True, there are the covenants, the contract with god... cut off the foreskin, get protection by god... stupid thing, and look at the Holocaust. Three million foreskinless males murdered after being tortured and kept as slaves.
So god does not provide much protection for the Jews, but the (religious) Jews still love their god like the Christians. Christians have a reason, a condition to fulfil there, they believe in Pascal's wager; but the Jews don't.
Go firgure. Unconditional love.
I guffawed.
I wish I remembered what the author was trying to say.
That's a lack of social constraints, but there are other constraints, and you can't completely ignore the other constraints, unless you declare a certain context that you wish to arbitrarily limit your scope to. But arbitrarily limiting your scope is just yet another constraint.
So resurrection is not the bed of roses one might suspect it could be. Just a second chance at this shitty, fucking grind we call life.
So the Jews really love their god unconditionally, because they don't expect anything in return from him, by ways of rewards such as: candy, a new set of dishes, or rides on His back.
You may want to look at undonditional love as a psychological issue, I won't stand in your way. But I refuse to limit philosophy to limit itself by excluding this psychological issue from its scope of examination. It would be similar to excluding all religious considerations, since they are religion, a matter of fraith, not of philosophy; or excluding all scientific findings form the scrutiny of philosophy since they are science, not thoughts on metaphysical levels.
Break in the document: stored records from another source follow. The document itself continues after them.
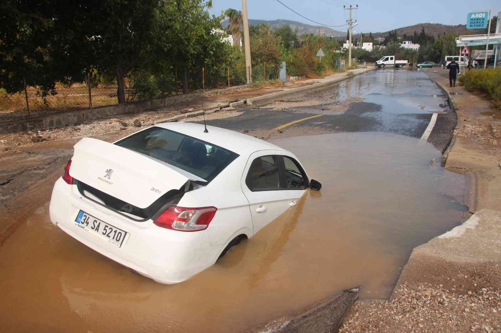 Muğla'nın Bodrum ilçesinde patlayan isale hattı sonrası yol çöktü, cadde ve sokaklar göle döndü. Yolda oluşan çukura giren otomobildeki 2 kişi kurtarıldı.
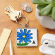 Black monogram initial against white background. Whimsical handpainted blue daisy with yellow center and green leaves. Designed for sqaure larger styles. Original Artwork by TamiraZDesigns.
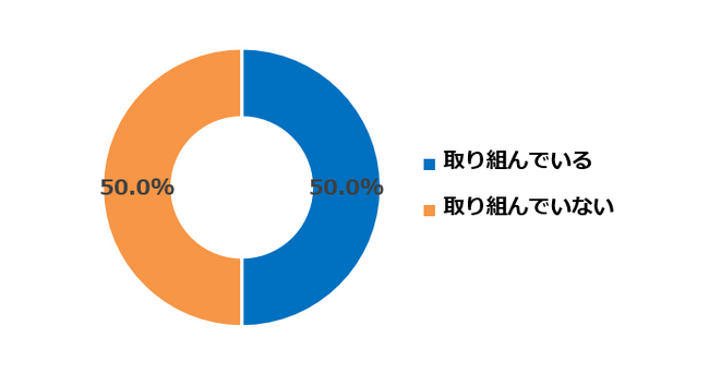 従業員が自身の健康面で気になっていることは、「運動不足」が最多で39.9%。次いで「ストレス」が35.2%、「肥満」が24.2%となり「特に気になることはない」を除くと、約7割が何かしらの健康面に不安を抱えていることが分かる。一方で、企業側が行っている従業員の健康課題解決のための取り組みについて、50.0%の企業が「取り組んでいない」と回答。従業員の多くが健康課題を抱えている反面、課題解決に取り組む企業は多くない状況がうかがえる。【図1、2】
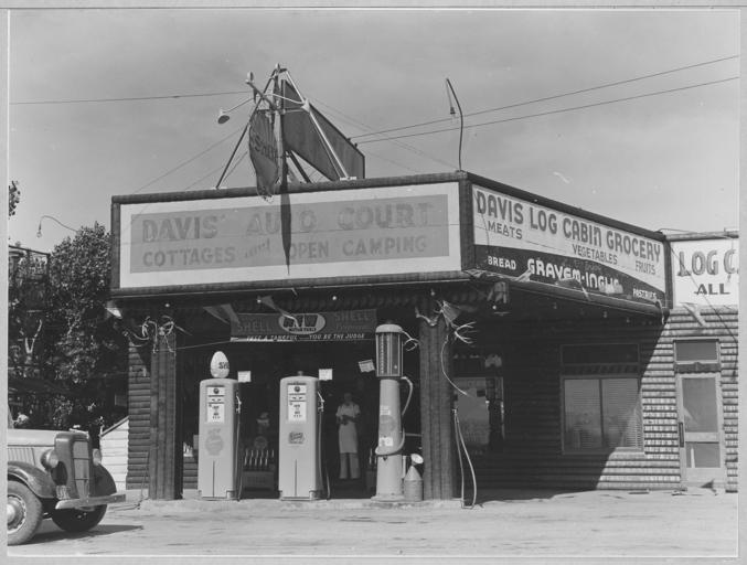 Keywords: Contra Costa County, California. Part of the Davis Auto Camp. The gas station, grocery store, "Log C . . . - NARA - 521801.jpg Scope and content Full caption reads as follows Contra Costa County California Part of the Davis Auto Camp The gas station grocery store Log Cabin cafe and camp office face the highway The camp is behind General notes 521801 Local identifier 83-G-41557 Department of Agriculture Bureau of Agricultural Economics Division of Economic Information ca 1922 - ca 1953 NARA-Author Lange Dorothea 1895-1965 Photographer 1372774 <br /> Still Picture Records Section Special Media Archives Services Division NWCS-S National Archives at College Park 8601 Adelphi Road College Park MD 20740-6001 1940-06-06 Record group Record Group 83 Records of the Bureau of Agricultural Economics 1876 - 1959 Record group ARC 412 Photographic Prints Documenting Programs and Activities of the Bureau of Agricultural Economics and Predecessor Agencies compiled ca 1922 - ca 1947 documenting the period ca 1911 - ca 1947 Series ARC 521048 File unit File unit ARC Variant control numbers NAIL Control Number NWDNS-83-G-41557 Other versions <gallery> File Contra_Costa_County _California _Part_of_the_Davis_Auto_Camp _The_gas_station _grocery_store _ Log_C_ _ _ _-_NARA_-_521801 tif tif File Contra_Costa_County _California _Part_of_the_Davis_Auto_Camp _The_gas_station _grocery_store _ Log_C_ _ _ _-_NARA_-_521801 jpg jpg </gallery> NARA-cooperation PD-USGov Category Gas stations in California Historical petrol pumps 1940 in California Davis Auto Camp NARA images of Contra Costa County California Dorothea Lange Black and white photographs of buildings Black and white photographs of California
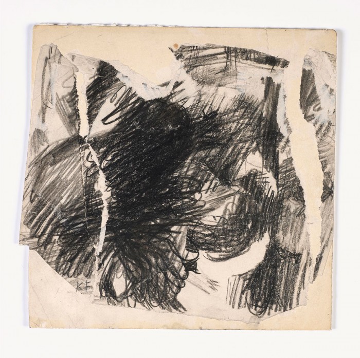Only in ‘Clump 1997’ does the hovering form succeed in fully breaking free, mutely suspended in an empty expanse of pale grey. Illuminated from the top left and casting a soft shadow below, this nervous cluster of brush marks, suggestive of a meteorite or a crushed ball of paper (and rendered as though the paint had collapsed in on itself) exercises a powerfully ambiguous presence.  Although his abstract language is resistant to ‘reading’, this existential still life is perhaps the closest his work comes to metaphor: are we witness to an unfolding or an aftermath? To something or nothing?
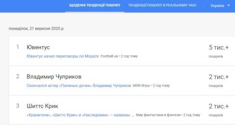 Сьогодні, 21 вересня, українці найбільше шукали у пошуковику Google інформацію про те, що у першому турі Серії А туринський "Ювентус" розгромив "Сампдорію" і встановив новий рекорд у чемпіонаті Італії.

I wouldn't even know what unconditional love would mean if we do not restrict those words. Does that mean you love everything will limitless love? That you love the same when you are sleeping?
To me it's a bit like saying unconditional surrenders do not exist, because the surrendering party cannot undo its existence in the past retroactively. Or cannot surrender the food it ate two weeks ago. or it cannot promise that everyone in the surrendering country or sieged town will stop wishing the attackers ill will.
I don't think the term, as used, is meant to be a description of perfect boundless love with no limits. We can decide to treat the term as if it had these characteristics, in the name of exploring. Fine. But I think we then need to acknowledge that we are not really talking about how the term is used normally. And then also, perhaps, acknowledge that it can be a useful concept, as generally conceived, despite not having the attributes we usually attribute, if ever, to deities or mathematical concepts.
To be candid, sometimes it seems like there is a trend, at least on philosophy forums, to put everything into two categories: Irrational or scientifically well supported. With nothing useful in between. And that our language should be this pure communication where any conclusion is absolute and can be measured.
Of course such a communication is not possible since there will be metaphors hidden even in the most anally produced language.
From the OP:
I think that there is meaninful use of language occuring when we refer to parental love as opposed to other kinds of love, of course dependent on individual cases. That something else is possible and occurs in the relations between parents and their children, that teenagers and even romantic adults, despite their idealisms, cannot live up to. A love that will lead to continued kind of empathetic responses from the parent where all other kinds of relationships would tend to say 'see you later'. In most relationships we look for balance, fairness, reciprocity. We have expectations that will undermine love if these expectations are not met. And then you have love where that is not the case.
Sure, analyze whether unconditional perhaps means that even if the laws of physics disappear and the person in question is dead, will their love continue. But this is a discussion of something else, not what people are talking about.